- Problem description -
Give back, exactly as written, the lines from the beginning of the listing through the one that contains "Press retaining lugs".
Start of Record excerpts
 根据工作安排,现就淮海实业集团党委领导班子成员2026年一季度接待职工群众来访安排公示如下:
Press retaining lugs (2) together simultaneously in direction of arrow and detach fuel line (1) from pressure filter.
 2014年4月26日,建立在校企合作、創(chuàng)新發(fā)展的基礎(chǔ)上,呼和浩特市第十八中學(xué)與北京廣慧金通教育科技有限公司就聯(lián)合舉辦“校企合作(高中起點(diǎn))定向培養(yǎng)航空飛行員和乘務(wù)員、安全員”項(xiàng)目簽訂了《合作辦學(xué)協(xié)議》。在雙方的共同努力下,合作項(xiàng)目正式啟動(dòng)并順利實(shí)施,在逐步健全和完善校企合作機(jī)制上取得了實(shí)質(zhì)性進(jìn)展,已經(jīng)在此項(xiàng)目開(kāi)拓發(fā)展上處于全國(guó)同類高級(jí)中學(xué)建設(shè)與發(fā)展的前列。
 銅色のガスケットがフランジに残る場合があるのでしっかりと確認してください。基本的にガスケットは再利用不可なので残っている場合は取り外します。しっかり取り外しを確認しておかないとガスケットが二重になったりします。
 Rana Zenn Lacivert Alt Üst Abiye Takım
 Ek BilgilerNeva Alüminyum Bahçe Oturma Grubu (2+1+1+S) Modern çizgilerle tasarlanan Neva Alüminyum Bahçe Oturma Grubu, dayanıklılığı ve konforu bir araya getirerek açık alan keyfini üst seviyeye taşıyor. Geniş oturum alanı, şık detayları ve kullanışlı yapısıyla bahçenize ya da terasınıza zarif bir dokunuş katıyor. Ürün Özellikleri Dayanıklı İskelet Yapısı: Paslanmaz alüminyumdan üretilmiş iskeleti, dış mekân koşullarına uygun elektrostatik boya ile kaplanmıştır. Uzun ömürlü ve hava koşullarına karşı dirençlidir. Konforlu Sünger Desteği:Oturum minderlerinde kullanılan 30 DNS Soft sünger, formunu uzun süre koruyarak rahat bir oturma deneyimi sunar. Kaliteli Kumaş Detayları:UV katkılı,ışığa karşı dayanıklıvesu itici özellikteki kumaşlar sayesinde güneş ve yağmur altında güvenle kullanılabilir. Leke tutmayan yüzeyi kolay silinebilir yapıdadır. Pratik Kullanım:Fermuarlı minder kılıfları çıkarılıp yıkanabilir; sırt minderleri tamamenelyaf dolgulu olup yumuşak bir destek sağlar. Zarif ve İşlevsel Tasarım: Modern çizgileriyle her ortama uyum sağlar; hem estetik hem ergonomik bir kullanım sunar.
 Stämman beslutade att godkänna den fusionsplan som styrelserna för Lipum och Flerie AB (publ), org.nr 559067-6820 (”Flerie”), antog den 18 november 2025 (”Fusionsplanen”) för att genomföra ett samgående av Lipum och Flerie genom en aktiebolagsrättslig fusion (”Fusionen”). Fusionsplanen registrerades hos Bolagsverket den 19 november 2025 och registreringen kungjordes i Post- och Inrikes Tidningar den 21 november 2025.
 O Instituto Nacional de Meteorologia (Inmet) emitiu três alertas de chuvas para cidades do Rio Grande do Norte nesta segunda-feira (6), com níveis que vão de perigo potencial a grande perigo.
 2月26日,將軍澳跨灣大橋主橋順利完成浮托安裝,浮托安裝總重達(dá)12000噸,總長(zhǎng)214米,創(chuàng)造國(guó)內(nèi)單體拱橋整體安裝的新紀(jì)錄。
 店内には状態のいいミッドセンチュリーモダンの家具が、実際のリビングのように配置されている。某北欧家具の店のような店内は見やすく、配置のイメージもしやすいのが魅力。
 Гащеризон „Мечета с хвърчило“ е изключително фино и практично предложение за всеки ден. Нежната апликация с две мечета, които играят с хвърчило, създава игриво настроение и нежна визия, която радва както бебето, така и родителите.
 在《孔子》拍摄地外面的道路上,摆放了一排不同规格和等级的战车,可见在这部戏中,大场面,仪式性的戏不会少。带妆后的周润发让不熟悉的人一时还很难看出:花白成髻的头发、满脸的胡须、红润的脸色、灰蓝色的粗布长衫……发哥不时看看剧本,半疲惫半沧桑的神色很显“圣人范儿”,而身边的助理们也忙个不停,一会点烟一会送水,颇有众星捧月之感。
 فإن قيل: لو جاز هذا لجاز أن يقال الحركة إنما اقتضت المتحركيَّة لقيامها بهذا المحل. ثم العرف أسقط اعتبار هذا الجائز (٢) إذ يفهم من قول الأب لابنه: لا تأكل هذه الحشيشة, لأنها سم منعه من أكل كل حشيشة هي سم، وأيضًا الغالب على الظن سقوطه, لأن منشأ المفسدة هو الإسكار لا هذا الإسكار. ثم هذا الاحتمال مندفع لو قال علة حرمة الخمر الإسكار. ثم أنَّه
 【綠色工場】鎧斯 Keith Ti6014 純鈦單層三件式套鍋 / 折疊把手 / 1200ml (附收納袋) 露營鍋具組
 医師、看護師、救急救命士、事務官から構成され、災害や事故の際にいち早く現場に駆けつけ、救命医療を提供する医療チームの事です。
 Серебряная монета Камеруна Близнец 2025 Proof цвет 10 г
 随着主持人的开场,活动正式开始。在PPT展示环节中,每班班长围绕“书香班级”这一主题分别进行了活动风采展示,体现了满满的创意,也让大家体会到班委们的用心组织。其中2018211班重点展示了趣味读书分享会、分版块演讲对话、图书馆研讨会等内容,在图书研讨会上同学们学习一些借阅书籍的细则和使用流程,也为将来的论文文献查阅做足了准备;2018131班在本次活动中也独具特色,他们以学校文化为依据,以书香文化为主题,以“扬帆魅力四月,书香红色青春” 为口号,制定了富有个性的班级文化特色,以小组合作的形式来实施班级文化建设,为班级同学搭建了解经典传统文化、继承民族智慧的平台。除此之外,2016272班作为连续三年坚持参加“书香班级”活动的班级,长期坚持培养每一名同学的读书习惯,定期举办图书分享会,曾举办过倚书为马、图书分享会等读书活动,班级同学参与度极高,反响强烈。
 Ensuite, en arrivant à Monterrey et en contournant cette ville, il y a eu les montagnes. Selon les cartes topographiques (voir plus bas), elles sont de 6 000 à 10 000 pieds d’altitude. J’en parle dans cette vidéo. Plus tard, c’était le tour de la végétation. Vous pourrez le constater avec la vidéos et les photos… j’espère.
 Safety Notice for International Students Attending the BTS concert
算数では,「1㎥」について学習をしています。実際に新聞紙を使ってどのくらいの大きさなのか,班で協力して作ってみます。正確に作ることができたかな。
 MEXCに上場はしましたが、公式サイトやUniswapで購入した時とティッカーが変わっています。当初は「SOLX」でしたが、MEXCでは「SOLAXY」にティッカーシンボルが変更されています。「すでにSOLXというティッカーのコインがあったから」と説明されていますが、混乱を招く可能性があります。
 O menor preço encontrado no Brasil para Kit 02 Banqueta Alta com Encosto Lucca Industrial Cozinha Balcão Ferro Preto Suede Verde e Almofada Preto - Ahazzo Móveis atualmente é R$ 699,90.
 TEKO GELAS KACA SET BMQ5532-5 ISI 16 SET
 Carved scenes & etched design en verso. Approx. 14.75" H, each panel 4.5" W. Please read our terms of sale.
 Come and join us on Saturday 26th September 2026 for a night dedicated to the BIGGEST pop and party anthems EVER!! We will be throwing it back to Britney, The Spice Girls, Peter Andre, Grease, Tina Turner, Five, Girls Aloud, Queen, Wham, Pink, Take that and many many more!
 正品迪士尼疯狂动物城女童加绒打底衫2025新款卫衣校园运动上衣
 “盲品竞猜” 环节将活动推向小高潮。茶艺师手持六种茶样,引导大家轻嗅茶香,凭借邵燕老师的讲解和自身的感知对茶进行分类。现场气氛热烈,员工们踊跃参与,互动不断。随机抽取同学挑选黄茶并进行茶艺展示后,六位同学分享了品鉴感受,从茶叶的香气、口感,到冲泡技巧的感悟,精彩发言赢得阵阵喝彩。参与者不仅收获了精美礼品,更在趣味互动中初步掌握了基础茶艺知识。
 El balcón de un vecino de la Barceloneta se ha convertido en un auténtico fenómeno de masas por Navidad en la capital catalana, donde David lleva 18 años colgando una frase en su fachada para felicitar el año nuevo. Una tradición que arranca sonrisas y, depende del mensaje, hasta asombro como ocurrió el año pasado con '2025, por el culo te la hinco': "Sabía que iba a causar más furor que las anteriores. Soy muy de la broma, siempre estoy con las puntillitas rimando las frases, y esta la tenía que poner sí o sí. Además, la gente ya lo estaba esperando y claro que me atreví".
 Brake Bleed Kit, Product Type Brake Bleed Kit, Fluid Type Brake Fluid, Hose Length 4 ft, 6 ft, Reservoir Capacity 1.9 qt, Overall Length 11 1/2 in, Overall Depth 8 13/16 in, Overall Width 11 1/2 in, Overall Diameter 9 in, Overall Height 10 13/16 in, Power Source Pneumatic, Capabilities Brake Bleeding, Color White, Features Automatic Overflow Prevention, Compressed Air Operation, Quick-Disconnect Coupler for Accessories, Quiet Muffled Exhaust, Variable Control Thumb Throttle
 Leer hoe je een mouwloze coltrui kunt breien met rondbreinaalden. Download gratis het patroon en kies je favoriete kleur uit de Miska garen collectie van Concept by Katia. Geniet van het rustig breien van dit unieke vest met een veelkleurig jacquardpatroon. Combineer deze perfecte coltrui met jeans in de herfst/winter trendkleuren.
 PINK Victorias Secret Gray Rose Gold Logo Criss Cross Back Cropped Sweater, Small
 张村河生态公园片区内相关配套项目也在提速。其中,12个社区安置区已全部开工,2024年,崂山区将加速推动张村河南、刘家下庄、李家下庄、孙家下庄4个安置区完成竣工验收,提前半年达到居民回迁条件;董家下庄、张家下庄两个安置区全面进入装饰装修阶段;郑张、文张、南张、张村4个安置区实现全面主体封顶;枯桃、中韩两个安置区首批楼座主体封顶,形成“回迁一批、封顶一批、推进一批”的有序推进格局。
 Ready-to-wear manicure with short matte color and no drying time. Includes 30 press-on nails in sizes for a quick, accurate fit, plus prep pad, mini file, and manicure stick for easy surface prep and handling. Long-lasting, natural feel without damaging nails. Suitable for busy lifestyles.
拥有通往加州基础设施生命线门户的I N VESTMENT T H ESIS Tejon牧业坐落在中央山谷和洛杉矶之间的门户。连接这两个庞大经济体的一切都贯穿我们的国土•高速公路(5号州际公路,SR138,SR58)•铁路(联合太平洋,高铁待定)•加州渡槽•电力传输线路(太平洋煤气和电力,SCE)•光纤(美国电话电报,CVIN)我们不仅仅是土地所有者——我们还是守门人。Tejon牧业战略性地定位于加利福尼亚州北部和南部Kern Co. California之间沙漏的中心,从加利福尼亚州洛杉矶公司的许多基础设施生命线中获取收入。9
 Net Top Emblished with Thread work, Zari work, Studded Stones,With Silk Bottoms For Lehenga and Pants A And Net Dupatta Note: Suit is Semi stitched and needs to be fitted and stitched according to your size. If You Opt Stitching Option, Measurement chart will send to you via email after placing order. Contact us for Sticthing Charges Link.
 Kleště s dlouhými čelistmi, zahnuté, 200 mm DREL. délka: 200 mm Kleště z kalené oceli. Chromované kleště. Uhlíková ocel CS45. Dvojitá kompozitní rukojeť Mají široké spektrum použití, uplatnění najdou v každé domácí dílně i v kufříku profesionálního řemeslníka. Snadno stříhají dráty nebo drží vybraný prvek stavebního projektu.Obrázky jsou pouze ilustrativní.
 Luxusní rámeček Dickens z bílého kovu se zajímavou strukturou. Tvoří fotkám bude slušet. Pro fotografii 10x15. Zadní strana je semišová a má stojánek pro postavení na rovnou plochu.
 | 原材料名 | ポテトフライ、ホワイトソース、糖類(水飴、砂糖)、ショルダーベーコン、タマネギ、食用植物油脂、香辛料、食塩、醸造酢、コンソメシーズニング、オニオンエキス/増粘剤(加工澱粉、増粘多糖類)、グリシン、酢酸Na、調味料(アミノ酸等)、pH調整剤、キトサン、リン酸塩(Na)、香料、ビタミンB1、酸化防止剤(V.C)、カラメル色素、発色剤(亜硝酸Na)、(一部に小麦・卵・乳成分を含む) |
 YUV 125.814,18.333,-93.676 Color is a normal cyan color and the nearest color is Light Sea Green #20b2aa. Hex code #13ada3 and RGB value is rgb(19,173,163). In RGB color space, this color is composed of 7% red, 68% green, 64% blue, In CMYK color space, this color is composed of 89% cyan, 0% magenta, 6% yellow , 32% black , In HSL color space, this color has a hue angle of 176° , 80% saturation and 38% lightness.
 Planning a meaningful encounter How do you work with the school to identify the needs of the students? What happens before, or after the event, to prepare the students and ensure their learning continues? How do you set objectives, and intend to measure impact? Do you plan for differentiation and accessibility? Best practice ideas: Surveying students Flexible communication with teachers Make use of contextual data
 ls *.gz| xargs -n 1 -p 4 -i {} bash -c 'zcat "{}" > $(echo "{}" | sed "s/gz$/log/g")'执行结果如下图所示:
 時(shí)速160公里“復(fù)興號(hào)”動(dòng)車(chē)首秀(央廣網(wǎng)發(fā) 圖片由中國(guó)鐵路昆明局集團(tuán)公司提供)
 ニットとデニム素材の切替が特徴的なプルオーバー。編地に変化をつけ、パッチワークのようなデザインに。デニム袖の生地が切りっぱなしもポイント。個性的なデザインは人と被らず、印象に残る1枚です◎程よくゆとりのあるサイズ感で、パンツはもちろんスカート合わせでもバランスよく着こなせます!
End of Record excerpts
- Your solution -
 根据工作安排,现就淮海实业集团党委领导班子成员2026年一季度接待职工群众来访安排公示如下:
Press retaining lugs (2) together simultaneously in direction of arrow and detach fuel line (1) from pressure filter.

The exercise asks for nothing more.